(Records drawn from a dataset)
::::

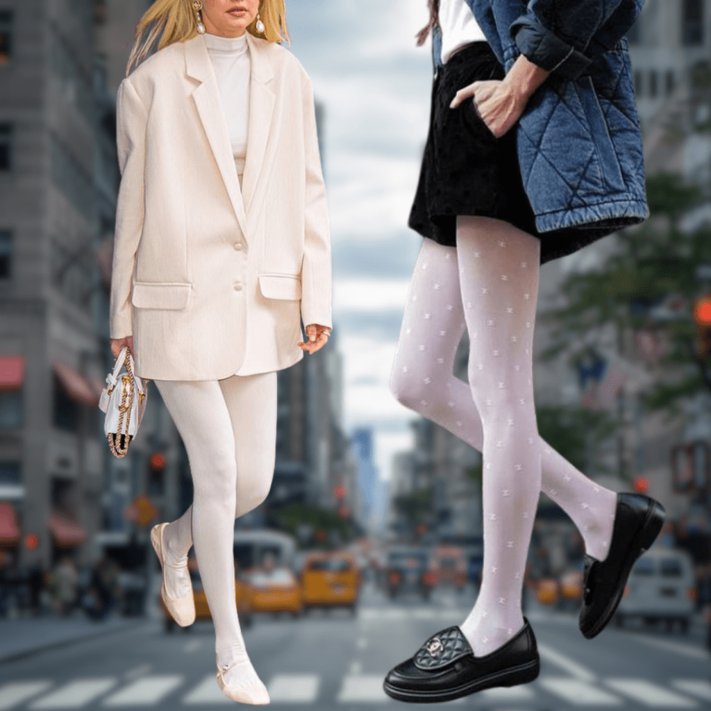 White tights are making waves as a standout accessory this season. Pair them with preppy mini skirts or whimsical dresses to add a fresh, retro-inspired touch to your winter looks.
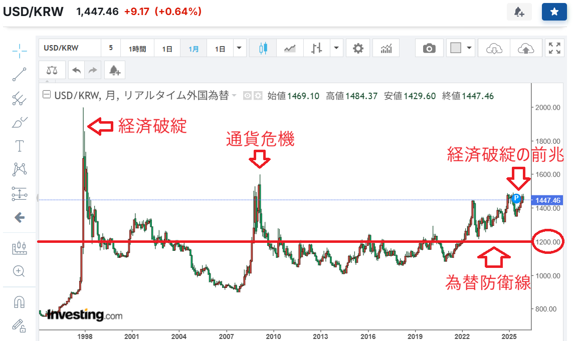 年末の韓国ウォン
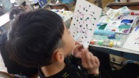 国語の授業の様子です。「冬の楽しみ」について、カルタを作っています。
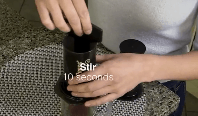 Step 9: Push the cap into the top of the brewing chamber. Next, place the AeroPress over the container, and start pushing the plunger down. To apply the right amount of pressure just lean onto the plunger, you do not need to force it down (If it is too easy to press down, you need a finer grind and vice versa).
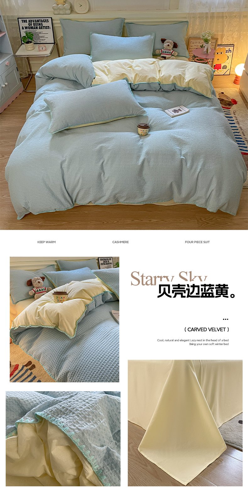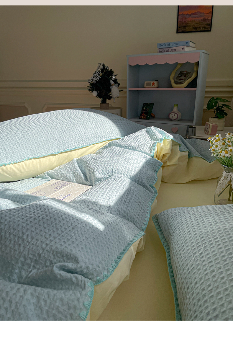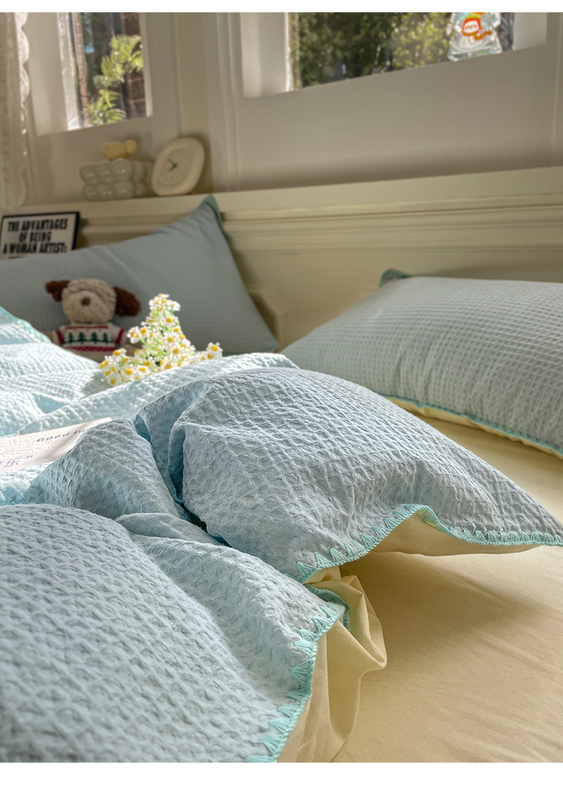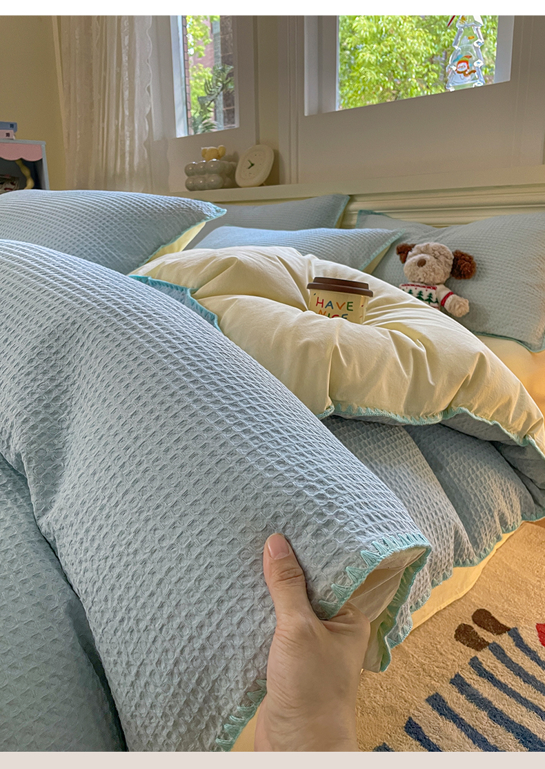 雅居纺家纺 2025新款全棉贝壳边华夫格四件套 贝壳边蓝黄
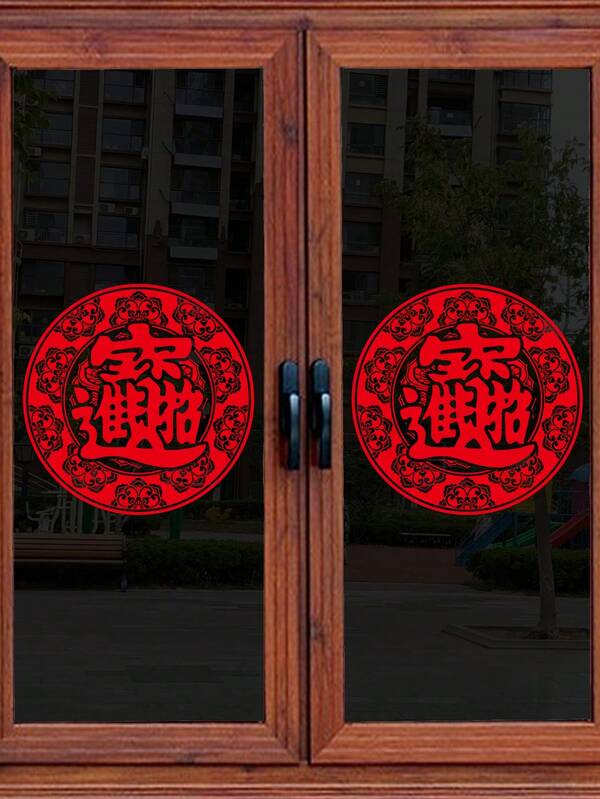 New Arrival Red Chinese Style Wall Sticker For New Year Decor, Including Removable Lucky Character Glass Window Sticker For Bedroom & Glass Door Decoration During 2024 Spring Festival
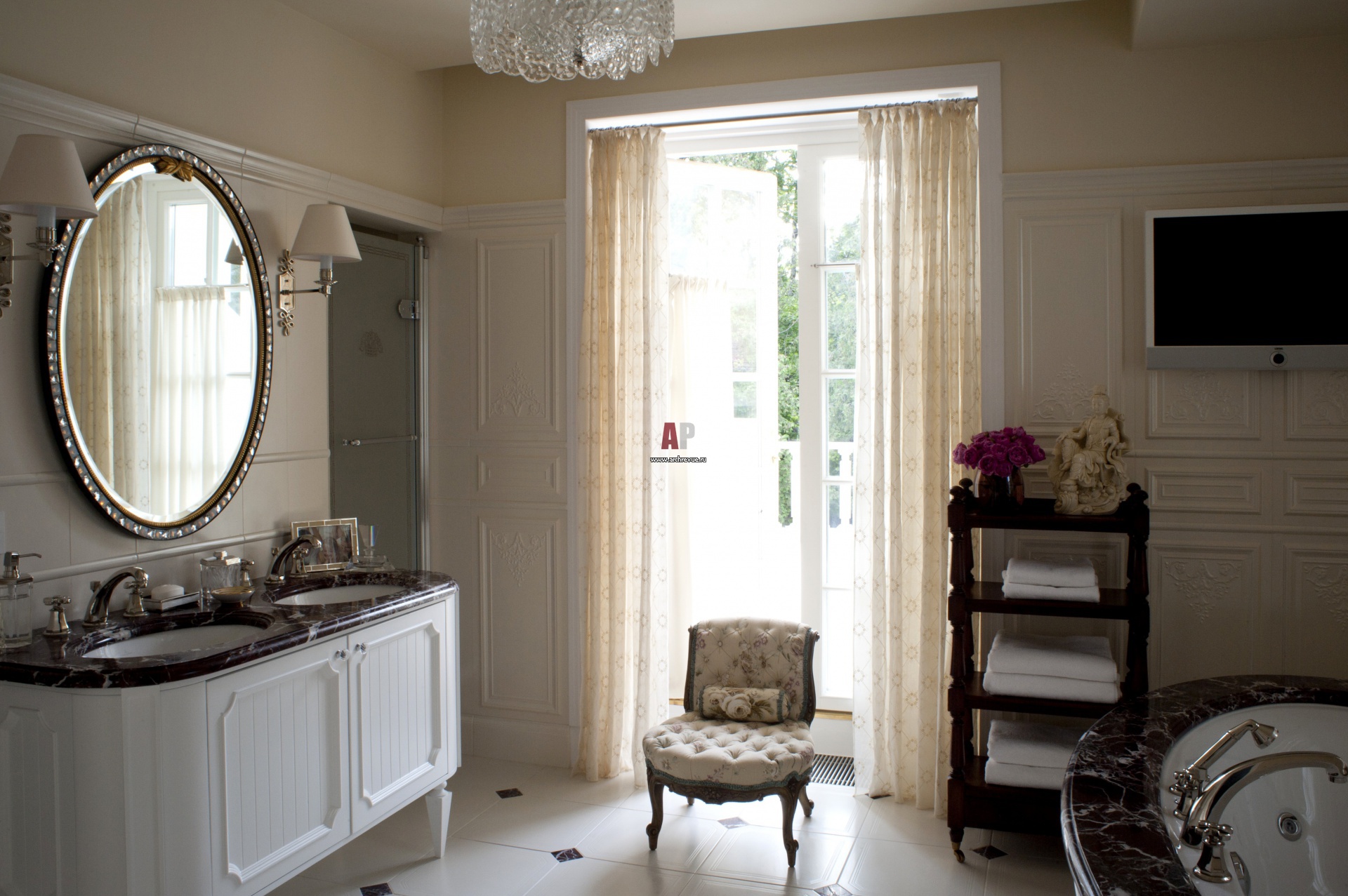Дизайн интерьера ванной комнаты с французским окном.

::::

Your answer should be the lines above from the one that contains "Step 9: Push" through the last, set down exactly, with the pictures removed.

**RESPONSE**
 Step 9: Push the cap into the top of the brewing chamber. Next, place the AeroPress over the container, and start pushing the plunger down. To apply the right amount of pressure just lean onto the plunger, you do not need to force it down (If it is too easy to press down, you need a finer grind and vice versa).
 雅居纺家纺 2025新款全棉贝壳边华夫格四件套 贝壳边蓝黄
 New Arrival Red Chinese Style Wall Sticker For New Year Decor, Including Removable Lucky Character Glass Window Sticker For Bedroom & Glass Door Decoration During 2024 Spring Festival
Дизайн интерьера ванной комнаты с французским окном.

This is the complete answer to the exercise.